Several unique features built into iCAT provide intelligent data analysis, including data transformation, data processing, confounding checks, and disparity recommendations, and are described below.

Data transformation

The data selected for analysis is assessed to ensure correct assumptions of the analysis method and proper data transformations are applied when necessary. This is enabled using the tool’s underlying statistical AI and the bestNormalize R package. Appropriate regular transformations are initially applied to the input data from well-known available transformations such as Lambert W x F transform, Box-Cox transform, Yeo-Johnson transforms, and Ordered Quantile. The best transformation is then selected by calculating the Pearson P statistic divided by its degrees of freedom for each transformation. The transformation that allows the data to best-fit normality is selected and applied to the data (Fig. 1).

Data cleaning and outlier removal

The normal transformed data are cleaned by removing potential outliers. The outliers are selected using the interquartile method. This method first calculates the interquartile range (IQR) as the distance between the 1^st and 3^rd quartiles (Q1-Q3). It then assumes any value outside the range [Q1- 1.5 × IQR, Q3 + 1.5 × IQR] is an outlier. Outliers are removed from the dataset to avoid potential interference with the analysis results.

Confounding factors

The presence of potential confounding factors that can affect the result of the statistical models is assessed, and the results before and after accounting for confounding factors are presented to the user. This is possible due to the app's focus on the set catchment area and the comprehensive demographic and metadata available to assess confounding.

The presence of confounding factors is assessed using linear models in the following way: Initially, a single variable linear model is fit using the primary variable of interest (i.e., Cancer mortality) as the response variable and the second variable in the univariate analysis as the covariate in the model. iCAT then includes internal metadata columns as potential confounders to the model. Subsequently, the percent change in the coefficient of the second variable in the first and second linear models is calculated. The generally accepted practice finds that a percentage change exceeding 10% can point to the potential presence of confounders or other variables that explain the variance in the primary variable of interest²⁶. iCAT reports the result of this analysis in addition to the correlation matrix between the variables of interest and the potential confounders for the user to view. It also provides the potential confounders and calculates the correlation after accounting for confounding variables.

Recommendations for health disparity factors in cancer outcomes

iCAT can provide recommendations on important demographic, socio-economic, and environmental factors on a given cancer outcome based on a statistical reference to similar factors in the selected area of interest. The desired primary outcome can be programmatically estimated using the appropriate ML multivariate analysis method to identify relevant factors in determining the cancer outcome. The app can 'learn' using the data in the area of interest. This can help scientists understand hidden health disparity factors and recommend interventions promptly that can lead to better prevention of cancer-related mortality.

Results and discussion

The iCAT geo-analyzer is a publicly available online interactive tool at: https://cancercatchmentareas.godaddysites.com/

The iCAT geo-analyzer enables users to quantify disease burden in cancer over multiple years.
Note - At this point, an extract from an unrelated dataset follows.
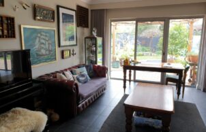 The water tank provides water to the toilets and washing machine. Solar panels and solar hot water are included. All appliances, fittings, finishes and furniture were considered for their eco credentials. Decorating and furniture is often vintage to go with the sustainable theme.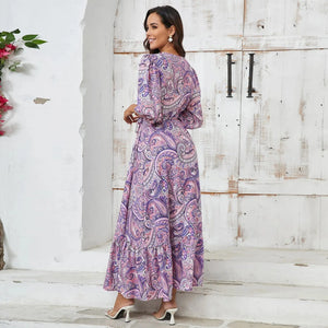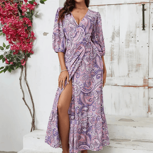Känn dig både fri och elegant i denna lila blommiga klänning. Ett perfekt val för varma dagar och ljumma kvällar, där romantiska detaljer möter bekväm design.

Users can filter the results by year, age group, and a minimum number of diagnoses. Users can also study the disparity in cancer burden in the catchment area using different statistical and ML analysis methods. This paper presents two use examples of the application to investigate cancer burden in the University of Chicago Comprehensive Cancer Center service catchment area.

Example 1: Evaluating disparities in cervical cancer mortality rate in Cook County, IL

Using the iCAT application to study this question, the distribution of cervical cancer mortality rates in different communities in Cook County, IL, can be seen in Fig. 2. The communities are colored by the value of the selected variable, with darker purple showing higher values of the selected variable. Using correlation analysis in iCAT, we can test the correlation between cervical cancer mortality and poverty rates. This is done by choosing the cervical cancer mortality rate as the primary and the poverty rate as the secondary variable and assigning the Pearson Correlation method from the drop-down menu in the Analysis tab.

Table 1 demonstrates two different correlation analysis results. First, Pearson’s correlation coefficient was calculated using the raw data. Second, Pearson’s correlation coefficient was calculated after using the underlying statistical AI to clean and transform data to the appropriate format expected by the analysis method. After applying statistical intelligence, a highly significant correlation coefficient of 0.48 is reported. In the next step, iCAT checks for potential confounders using in-app demographic and socio-economic data from the catchment area (Table 2).

Table 1 Pearson’s correlation analysis results between cervical cancer mortality and the poverty rate.

Full size table

Table 2 Pearson’s correlation analysis results after removing potential confounders.

Full size table

After removing the effect of potential confounders from the primary variable, we identify no significant correlation between cervical cancer mortality and poverty rate. Close observation of the correlation matrix shows that the community's female demographic and neighborhood safety rate are potential confounders of the analysis, so we need to account for these dependencies when studying cervical cancer. iCAT allows multivariate analysis to study the effect of multiple variables on the cervical cancer mortality rate simultaneously. This feature can study the effect of poverty rate on cervical cancer mortality while controlling for confounders. The multivariate analysis selects the cervical cancer mortality rate as the primary variable and the poverty rate, female demographics, and neighborhood safety rate as the secondary variables. For this analysis, using a simple linear regression model, the results of the multivariate analysis show that when controlling for the female demographic, the neighborhood safety rate is a significant contributor to explaining the cervical cancer mortality rate. In contrast, the poverty rate shows no significant contribution (Table 3, Fig. 3). This exciting result points out the neighborhood safety rate as a contributor to the cervical cancer mortality rate rather than the poverty rate.

Table 3 Multivariate analysis results between cervical cancer mortality rate, poverty rate, and potential confounders.

Full size table

Example 2: Studying disparities in overall cancer mortality rate in Cook County, IL

The distribution of cancer mortality rates in different communities in Cook County, IL, can be visualized in Fig. 4. Using multivariate analysis in iCAT, we can test the relation between cancer mortality and multiple demographics, socio-economic variables, and other variables. This is done by choosing the cancer mortality rate as the primary factor, and demographic, socio-economic, and other factors as the secondary variables and assigning the linear regression method from the drop-down menu in the Analysis tab.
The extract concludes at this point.